**Directions for this task**.
Would you please restate the data exactly as it stands, apart from the pictures?

**Provided data**.

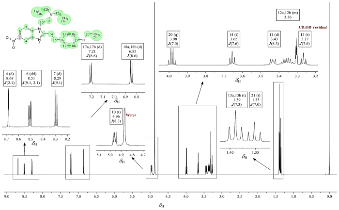 | 6 | 122.5 | CH | 8.51 (1H, dd, 9.1, 2.1) | + | H-7 | H-4, H-7 | C-4, C-8, C-9 |
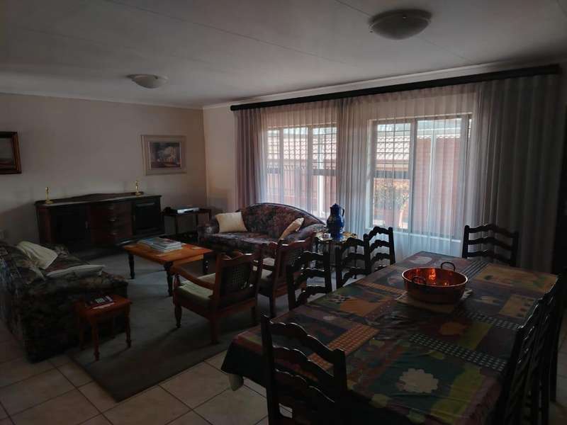 3 Bedroom Simplex for Sale in Eldoraigne SOLE MANDATE Beautiful 3-bedroom simplex for sale in Eldoraigne Retirement Estate. This spacious freestanding home is located in the highly sought-after Eldoraigne Retirement Estate. The unit offers a large open-plan dining and lounge area, as well as an open-plan kitchen with granite countertops, a breakfast nook, and additional installed cupboards for ample storage. There are three generous bedrooms, one of which can easily be used as a home office. The main bedroom features an en-suite bathroom with a bath, while the guest bathroom is fitted with a shower. The lounge opens onto a double covered patio with a built-in braai and a large garden, perfect for outdoor entertainment. Additional features include: Double automated garage with built-in cupboards Double carport Backup electrical system with inverter and batteries Easy walking access to estate facilities Eldoraigne Retirement Estate is designed for a healthy and active lifestyle, offering: Frail care 24-hour panic button for medical and security support Hair and beauty salon Tuck shop Dining hall Library The estate is close to Eldo Square, Mall@Reds, and several churches. This property is ideal for retirement or investment, offering a secure ?Ç£lock-up and go?Ç¥ lifestyle for the independent resident. If you are interested in viewing this property or need more information, please contact me.
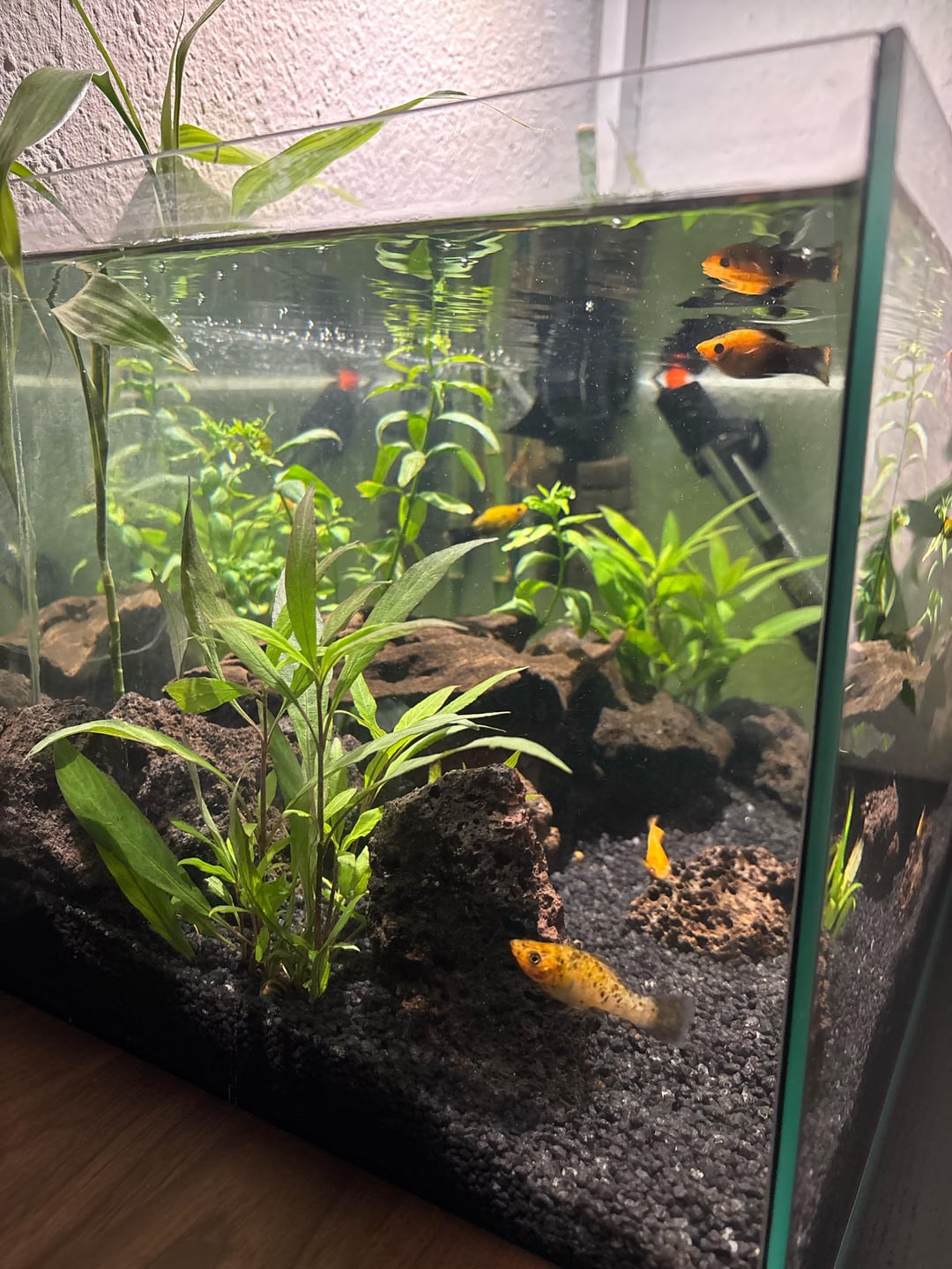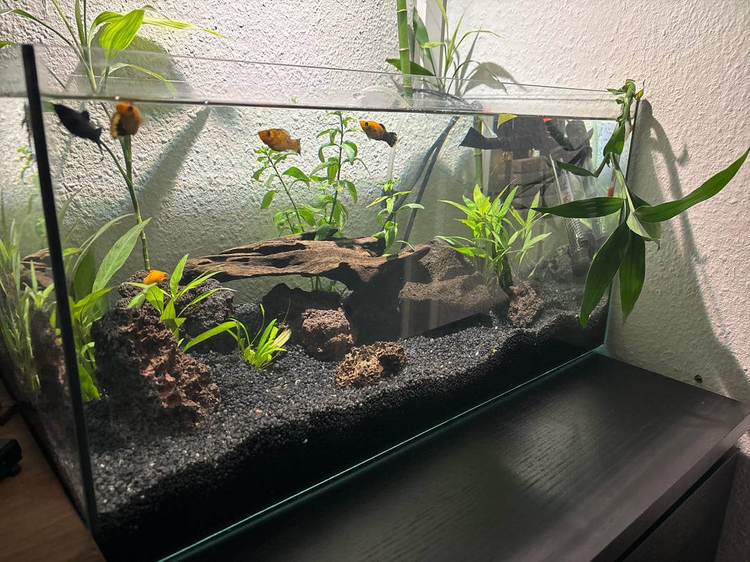 There are Mollys in the tank along an Anentome snail (with life feed).

**Result**.
 | 6 | 122.5 | CH | 8.51 (1H, dd, 9.1, 2.1) | + | H-7 | H-4, H-7 | C-4, C-8, C-9 |
 3 Bedroom Simplex for Sale in Eldoraigne SOLE MANDATE Beautiful 3-bedroom simplex for sale in Eldoraigne Retirement Estate. This spacious freestanding home is located in the highly sought-after Eldoraigne Retirement Estate. The unit offers a large open-plan dining and lounge area, as well as an open-plan kitchen with granite countertops, a breakfast nook, and additional installed cupboards for ample storage. There are three generous bedrooms, one of which can easily be used as a home office. The main bedroom features an en-suite bathroom with a bath, while the guest bathroom is fitted with a shower. The lounge opens onto a double covered patio with a built-in braai and a large garden, perfect for outdoor entertainment. Additional features include: Double automated garage with built-in cupboards Double carport Backup electrical system with inverter and batteries Easy walking access to estate facilities Eldoraigne Retirement Estate is designed for a healthy and active lifestyle, offering: Frail care 24-hour panic button for medical and security support Hair and beauty salon Tuck shop Dining hall Library The estate is close to Eldo Square, Mall@Reds, and several churches. This property is ideal for retirement or investment, offering a secure ?Ç£lock-up and go?Ç¥ lifestyle for the independent resident. If you are interested in viewing this property or need more information, please contact me.
 There are Mollys in the tank along an Anentome snail (with life feed).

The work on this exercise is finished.